Nachdem die Module am Bauort angekommen waren, wartete Gibbons nach eigenen Angaben einige Tage, bevor er sie auspackte und die Auspackanweisungen von Canadian Solar las. Die Anweisungen hätten laut Klageschrift „die Notwendigkeit spezialisierter Stabilisierungsausrüstung beim Entladen vertikal palettierter Solarmodule“ erkannt. Canadian Solar habe einen „Auspackständer“ entwickelt, der in Auspackdiagrammen und -illustrationen deutlich zu sehen sei, ihn Gibbons jedoch nicht zur Verfügung gestellt und ihn auch nicht davor gewarnt, ohne das Gerät fortzufahren, so Gibbons.
Am Tag des Unfalls entfernten Gibbons und ein Eigentümer von Puterbaugh Farms sieben Module von einer Palette, ohne dass es zu Zwischenfällen kam. Danach habe Gibbons nach eigenen Angaben ein „knackendes“ Geräusch gehört, während er sich in der Nähe der vertikalen Module befand, woraufhin die verbleibenden 24 Module auf ihn stürzten. Das Datenblatt des BiHiKu7-Moduls ist inzwischen nicht mehr auf der Website von Canadian Solar verfügbar, aber die größten Module des Unternehmens wiegen durchschnittlich 80 lbs. pro Stück, was bedeuten würde, dass fast 1,900 lbs. auf Gibbons gefallen sein sollen.
Ein Google-Maps-Bild von Puterbaugh Farms und den dortigen Solaranlagen.

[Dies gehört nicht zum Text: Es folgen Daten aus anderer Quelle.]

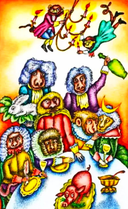 Выпили они чаю и двинулись в путь. Идут, идут, вдруг возник перед ними роскошный дворец.
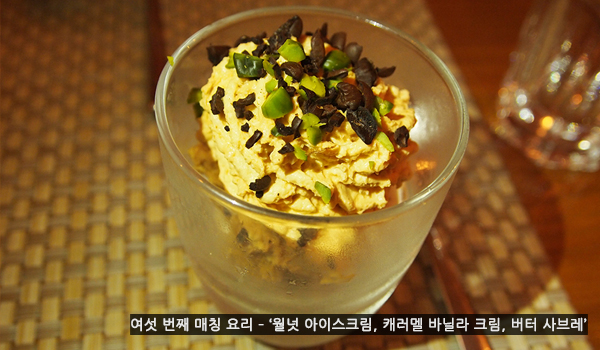 마지막 디저트는 캐러멜 바닐라 크림, 월넛 아이스크림, 버터 사브레를 쌓아 올린 ‘트라이플’이었다.
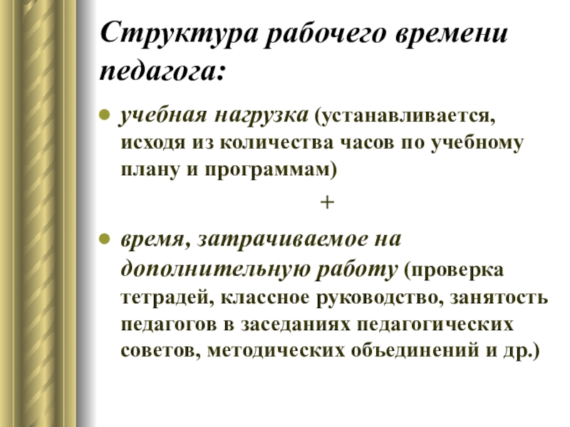 Слайд 12Структура рабочего времени педагога:

Mitarbeiter von Puterbaugh Farms konnten genügend Module anheben, um Gibbons unter den Modulen herauszubewegen. Er benötigte sofortige Traumaversorgung und wurde in ein nahe gelegenes Krankenhaus gebracht. Gibbons erlitt laut Klageschrift schwere Verletzungen, darunter innere Blutungen, Schäden an der Blase und eine Beckenfraktur. Er verbrachte fünf Tage auf einer Intensivstation und unterzog sich laut Klageschrift Operationen, bei denen neun Knochenschrauben und eine Stahlplatte eingesetzt wurden.

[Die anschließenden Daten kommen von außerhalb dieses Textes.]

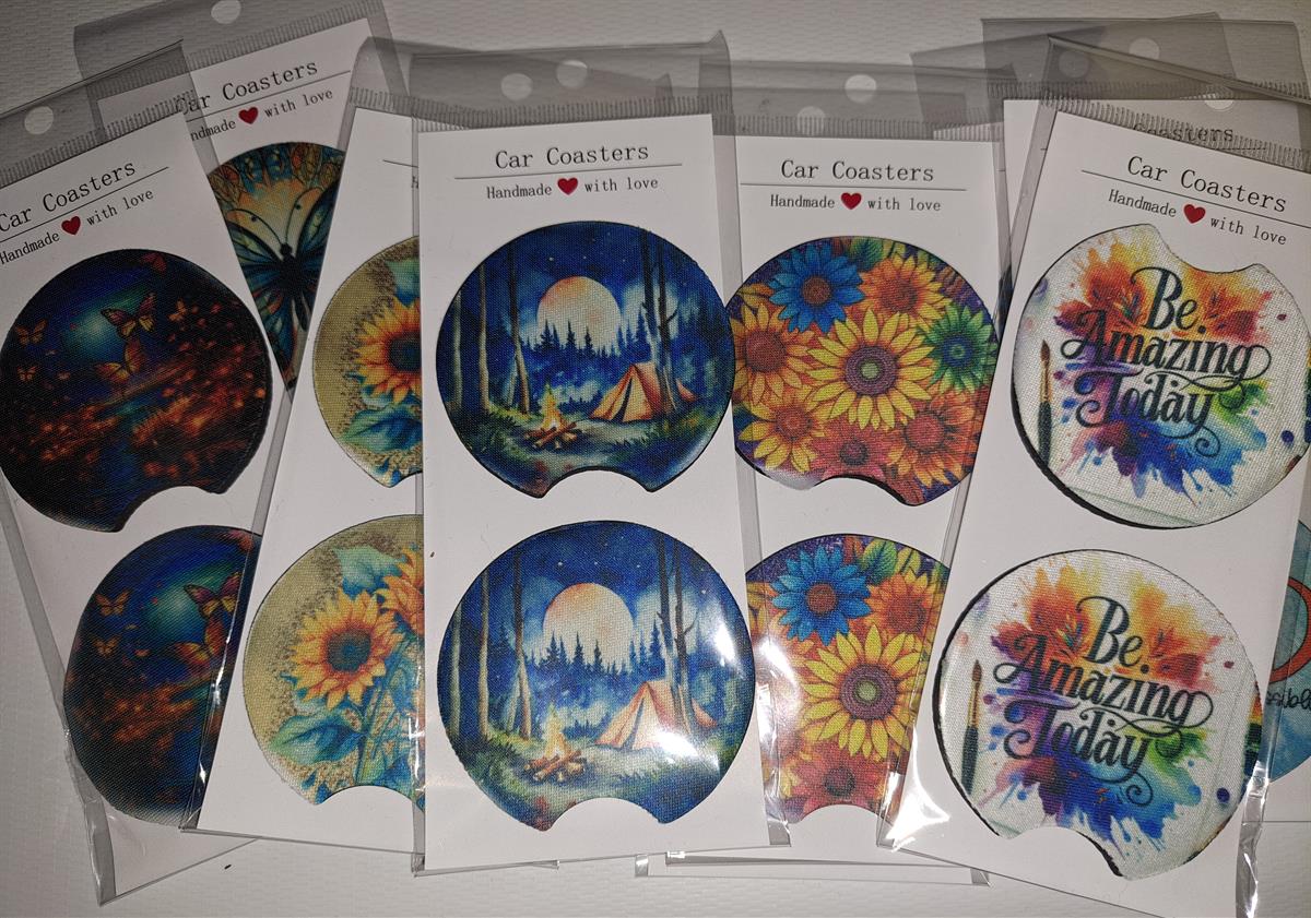 Stainless steel tumblers, glass tumblers, coffee mugs, license plates, shirts, car coasters

Das Rechtsteam von Gibbons beauftragte einen Experten für „Holzkisten- und Palettenkonstruktion und -design“, der zu dem Schluss kam, dass die Verpackung zum Versand der Solarmodule mangelhaft gewesen sei. Es wird behauptet, das in den Paletten verwendete Holz sei von minderer Qualität gewesen und die Nägel seien zu schmal und zu kurz gewesen.
Die Klageschrift kommt zu dem Schluss, dass das Verpackungssystem mangelhaft und instabil gewesen sei und die von Canadian Solar bereitgestellten Warnhinweise und Anweisungen unzureichend gewesen seien. Gibbons fordert Schadensersatz für medizinische Versorgung, Verdienstausfall, körperliche Schmerzen, seelisches Leid und Behinderung.

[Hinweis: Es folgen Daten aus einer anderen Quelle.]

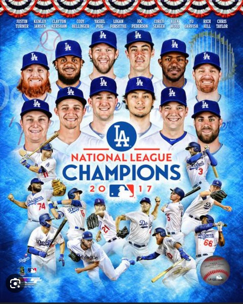 Los Dodgers de los Ángeles del 2017 llegaron hasta la Serie Mundial con un récord de 104-58 durante la temporada regular para terminar en primer sitio de la División Oeste de la Liga Nacional. Tuvieron seis caballos con un OPS arriba de .800 (Justin Turner, Cody Bellinger, Corey Seager, Chris Taylor, Yasiel Puig y Ausin Barnes), pero sólo a Turner por arriba de .300 de average, Seager y Barnes cerca de .300. En relación al pitcheo, fueron dos grandes exponentes abridores en los nombres de Clayton Kershaw con 2.31 de ERA con 18-4 y Alex Wood con 2.72 de ERA y 16-3 en ganados y perdidos.

In E-Mails, die der Klageschrift als Anlagen beigefügt sind, bespricht Gibbons mit einem Mitarbeiter von Canadian Solar die Versand- und Handhabungsverfahren des Unternehmens und bittet darum, die Solarmodule horizontal auf Paletten zu lagern, und bezeichnet sie als „tipsy while unloading“. Dieser E-Mail-Austausch ist auf den 21. Aug. datiert, angeblich 10 Tage nach dem Unfall.
Solar Power World hat die beteiligten Parteien um Stellungnahme gebeten und wird bei Vorliegen von Aussagen darüber berichten.